# Work to complete:
Using the entries that follow, write out the line containing "盐城地盘虽大,但相对位置还是", the line containing "11月6日上午,烹饪工艺与营", and every line between them, exactly and nothing else.

# Input data:
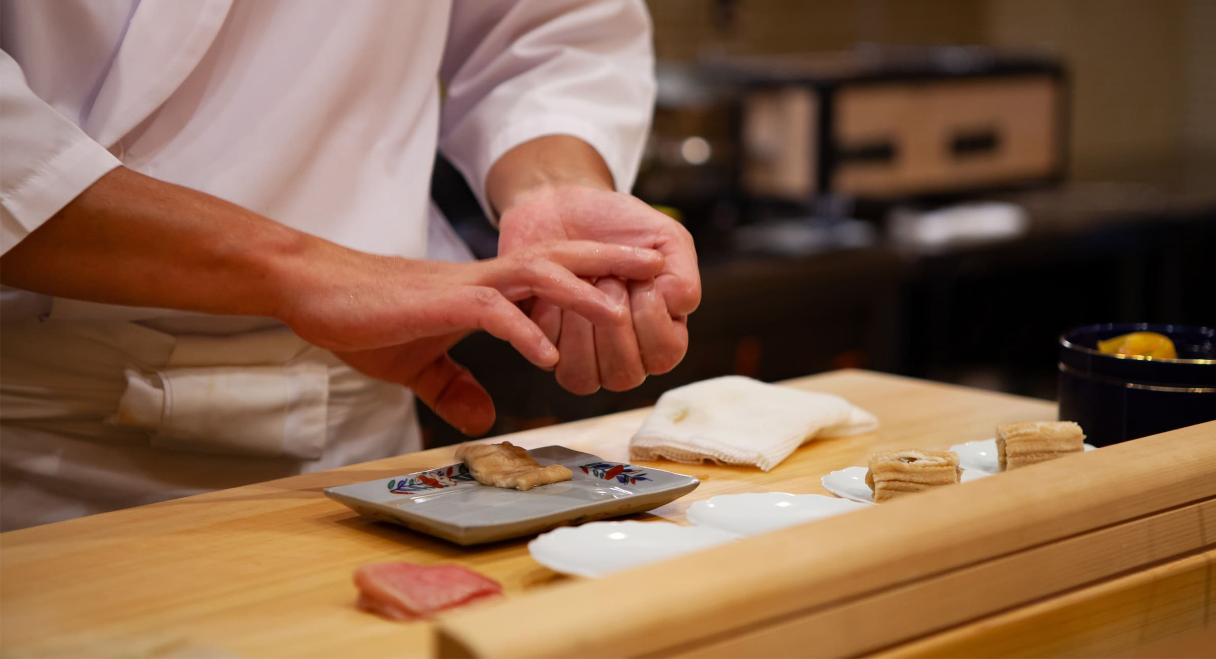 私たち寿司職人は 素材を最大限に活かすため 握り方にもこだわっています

---

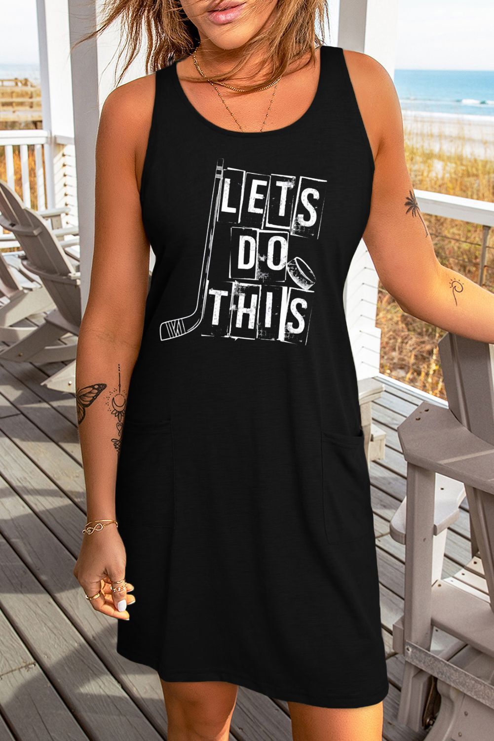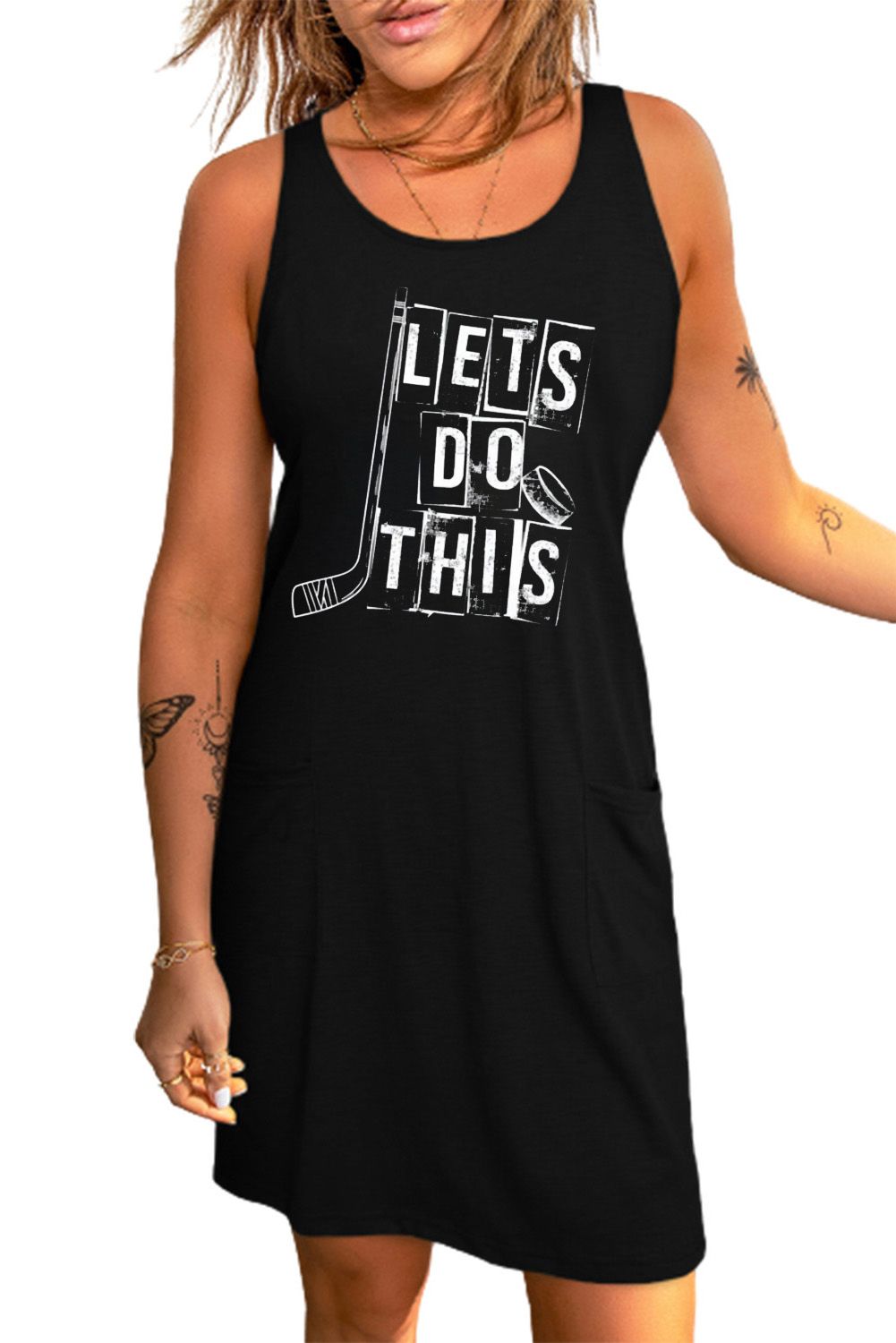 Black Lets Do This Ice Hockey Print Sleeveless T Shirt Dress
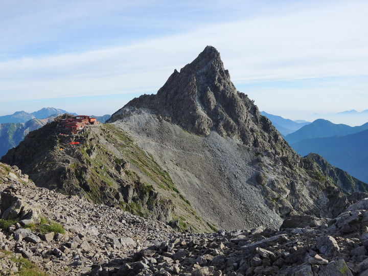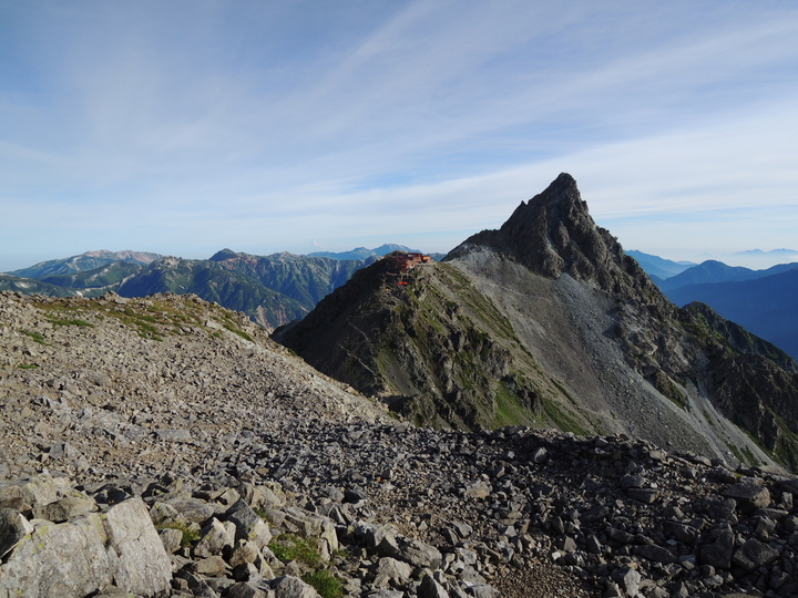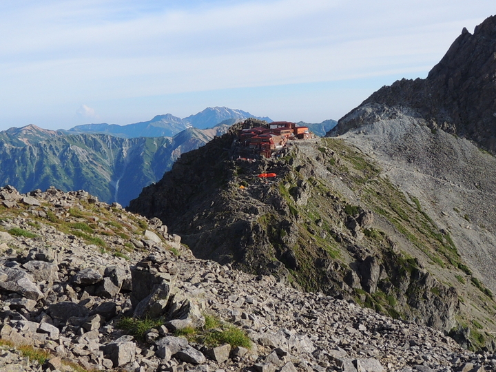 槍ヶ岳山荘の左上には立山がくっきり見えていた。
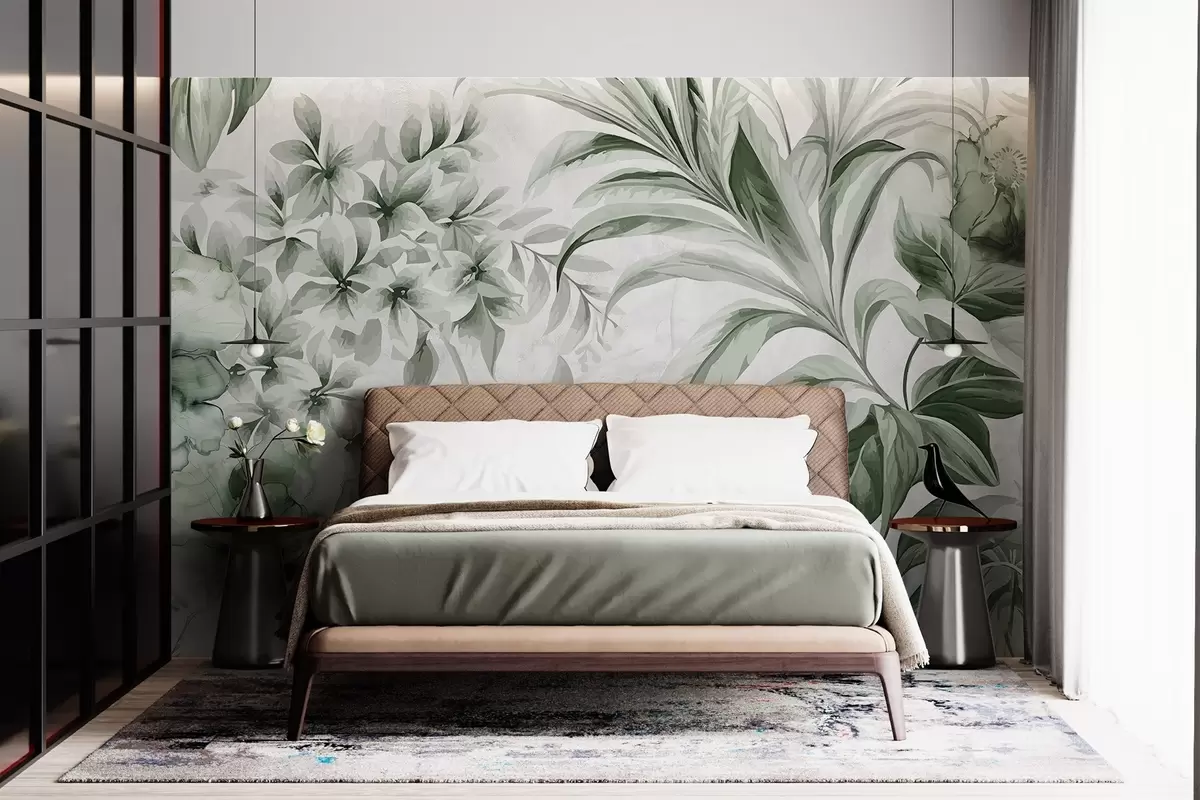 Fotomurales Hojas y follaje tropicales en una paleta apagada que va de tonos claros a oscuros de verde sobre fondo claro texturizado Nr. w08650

--

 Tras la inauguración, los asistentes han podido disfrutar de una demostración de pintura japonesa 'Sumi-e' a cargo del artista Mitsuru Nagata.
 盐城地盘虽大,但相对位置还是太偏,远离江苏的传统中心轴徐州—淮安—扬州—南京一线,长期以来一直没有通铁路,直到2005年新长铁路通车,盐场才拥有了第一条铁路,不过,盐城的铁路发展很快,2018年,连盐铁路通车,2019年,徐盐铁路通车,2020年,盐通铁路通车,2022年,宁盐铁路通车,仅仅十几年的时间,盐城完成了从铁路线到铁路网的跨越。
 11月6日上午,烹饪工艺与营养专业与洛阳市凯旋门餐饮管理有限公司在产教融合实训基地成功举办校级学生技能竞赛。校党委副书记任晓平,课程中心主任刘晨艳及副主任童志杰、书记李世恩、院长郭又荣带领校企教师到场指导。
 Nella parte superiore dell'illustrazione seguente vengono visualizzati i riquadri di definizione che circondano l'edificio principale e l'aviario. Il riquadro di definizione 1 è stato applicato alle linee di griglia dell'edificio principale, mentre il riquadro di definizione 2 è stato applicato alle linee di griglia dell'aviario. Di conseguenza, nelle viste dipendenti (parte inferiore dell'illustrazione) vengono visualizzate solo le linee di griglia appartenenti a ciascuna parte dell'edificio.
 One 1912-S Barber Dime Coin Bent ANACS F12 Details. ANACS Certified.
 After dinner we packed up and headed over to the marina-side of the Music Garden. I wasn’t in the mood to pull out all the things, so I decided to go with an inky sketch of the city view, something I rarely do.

# Solved problem:
 盐城地盘虽大,但相对位置还是太偏,远离江苏的传统中心轴徐州—淮安—扬州—南京一线,长期以来一直没有通铁路,直到2005年新长铁路通车,盐场才拥有了第一条铁路,不过,盐城的铁路发展很快,2018年,连盐铁路通车,2019年,徐盐铁路通车,2020年,盐通铁路通车,2022年,宁盐铁路通车,仅仅十几年的时间,盐城完成了从铁路线到铁路网的跨越。
 11月6日上午,烹饪工艺与营养专业与洛阳市凯旋门餐饮管理有限公司在产教融合实训基地成功举办校级学生技能竞赛。校党委副书记任晓平,课程中心主任刘晨艳及副主任童志杰、书记李世恩、院长郭又荣带领校企教师到场指导。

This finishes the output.